A new study by researchers at the UK’s Anglia Ruskin University, examined which nations on Earth would be best prepared to deal with breakdowns in global supply chains, financial structures, and other complex systems that we couldn’t count on anymore after a true breakdown of world order.
The study explains how a combination of ecological destruction, limited resources, and population growth could trigger a reduction in the overall complexity of civilization, with climate change serving as a “risk multiplier,” exacerbating existing trends.

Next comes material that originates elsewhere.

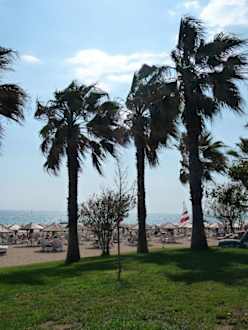 Blick vom Hotelgarten auf den Strand
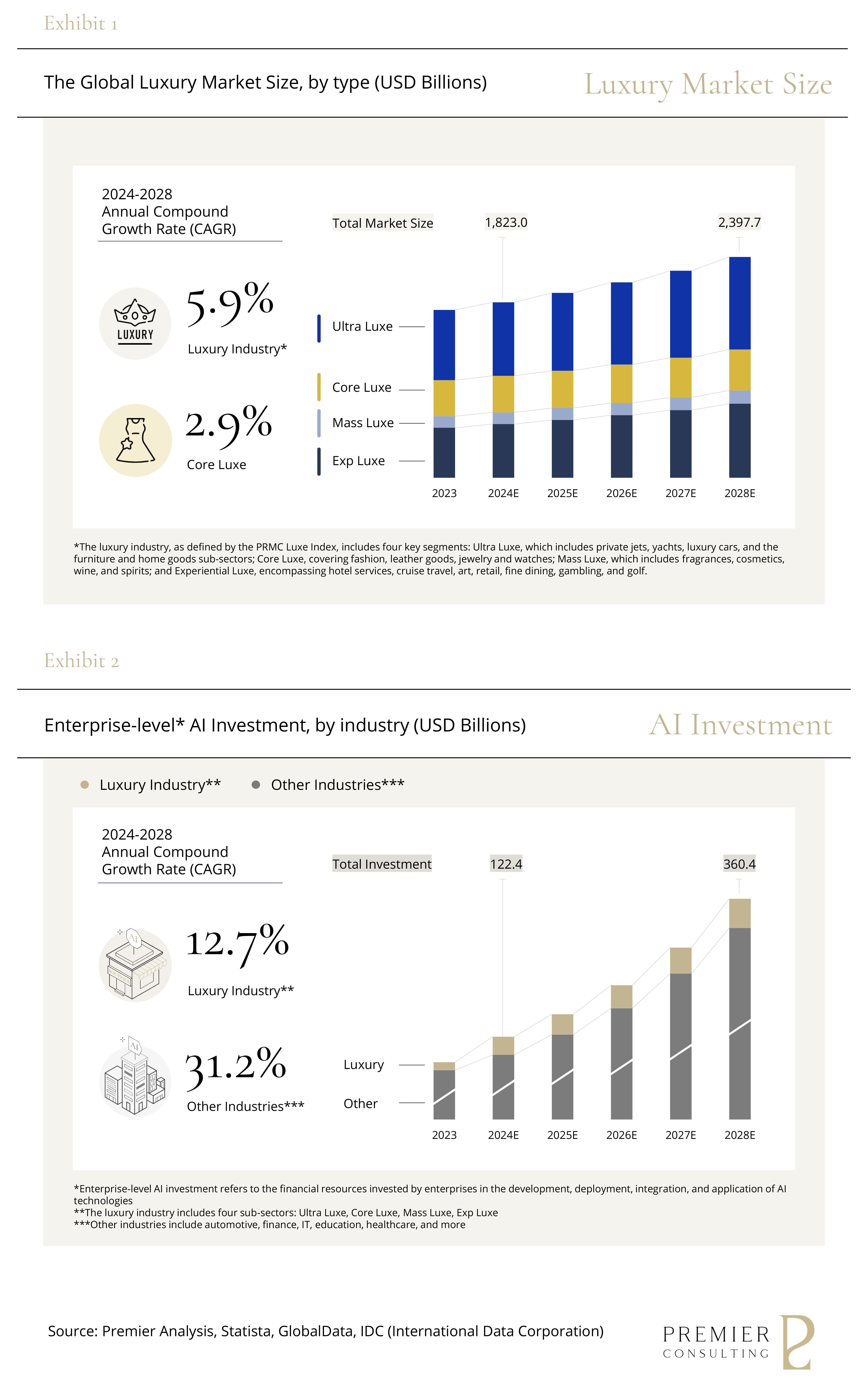 Amid the subdued economic climate of 2024, Premier forecasts that the global luxury market will grow at a compound annual growth rate (CAGR) of 5.9% through 2028 [Exhibit 1]. Within this market, the ultra-luxury segment, including giants like LVMH, Hermès, and Chanel, is particularly under pressure to sustain growth.

The study identified five nations with the most favorable starting conditions to survive a global collapse by examining self-sufficiency (energy and manufacturing infrastructure), carrying capacity (land available for arable farming and overall population) and isolation (distance from other large population centers which may be subject to displacement events).

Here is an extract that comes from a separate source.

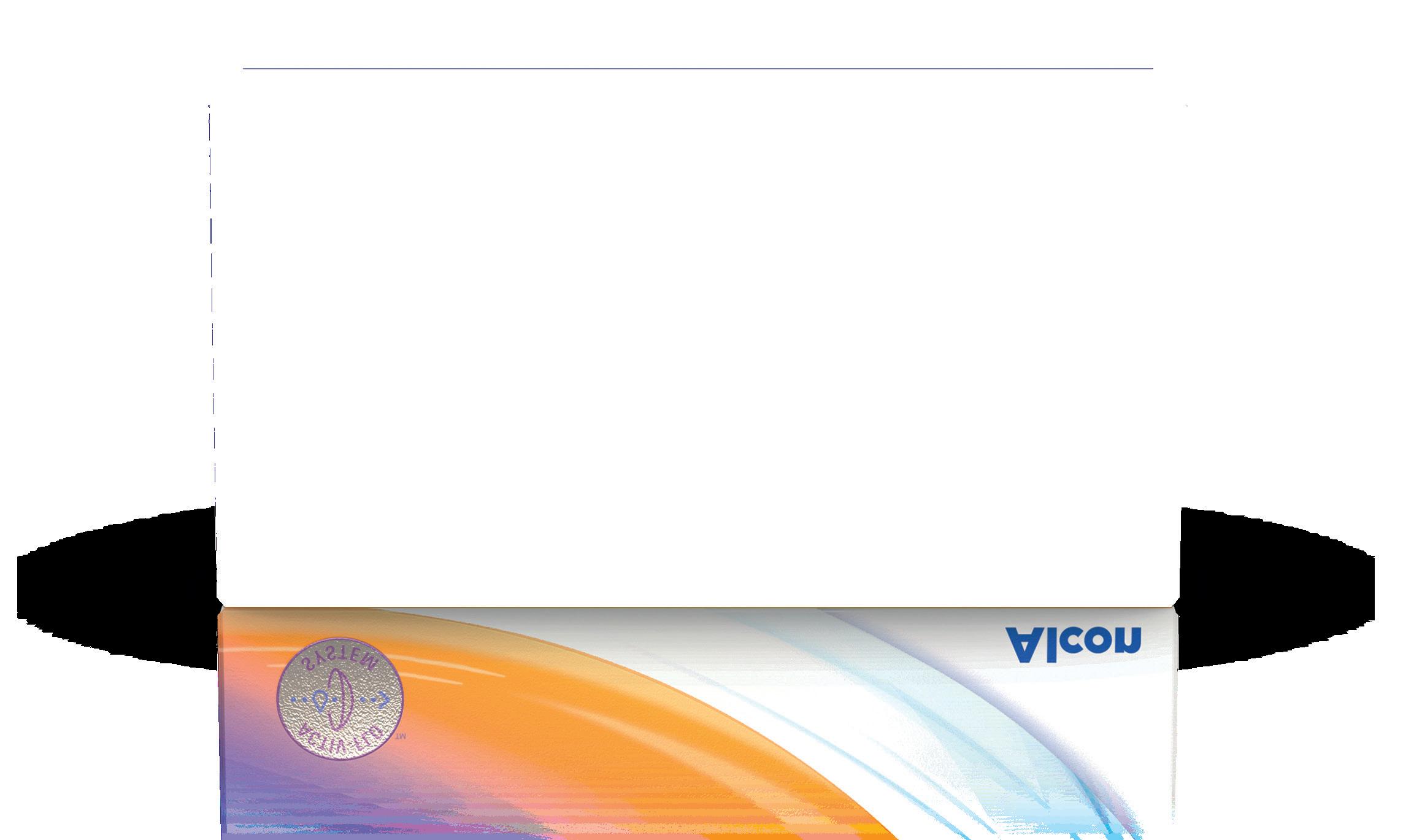 Referenze: 1. Zheng Y, Dou J, Wang Y, et al. Sustained release of a polymeric wetting agent from a silicone-hydrogel contact lens material. ACS Omega.2022;7(33):29223-29230. doi: 10.1021/ acsomega.2c03310. 2. Phan CM, Chan VWY, Drolle E, et al. Evaluating the in vitro wettability and coefficient of friction of a novel and contemporary reusable silicone hydrogel contact lens materials using an in vitro blink model. Cont Lens Anterior Eye. 2024. (p<0.05) Based on simulated 7-day daily wear. Lenti a contatto correttive. Dispositivi medici CE0123. Per l’utilizzo, la manutenzione, le precauzioni, le avvertenze, le controindicazioni e gli effetti indesiderati, consultare le istruzioni d’uso. Visitate il sito Alcon https://ifu.alcon.com/ per importanti informazioni di prodotto. ©2026 Alcon. IT-PR7-2600001

It found that New Zealand—along with Iceland, the United Kingdom, Australia (specifically Tasmania) and Ireland—were the nations currently most suited to maintaining higher levels of societal, technological, and organizational complexity within their own borders if a global collapse were to happen.
Why New Zealand? Because of its ability to produce geothermal and hydroelectric energy, its abundant agricultural land, and its low population.
Underlying the report, though, is a chilling assumption: that the global order we take for granted could genuinely come under threat within our lifetimes due to looming environmental, energy, and infrastructure crises.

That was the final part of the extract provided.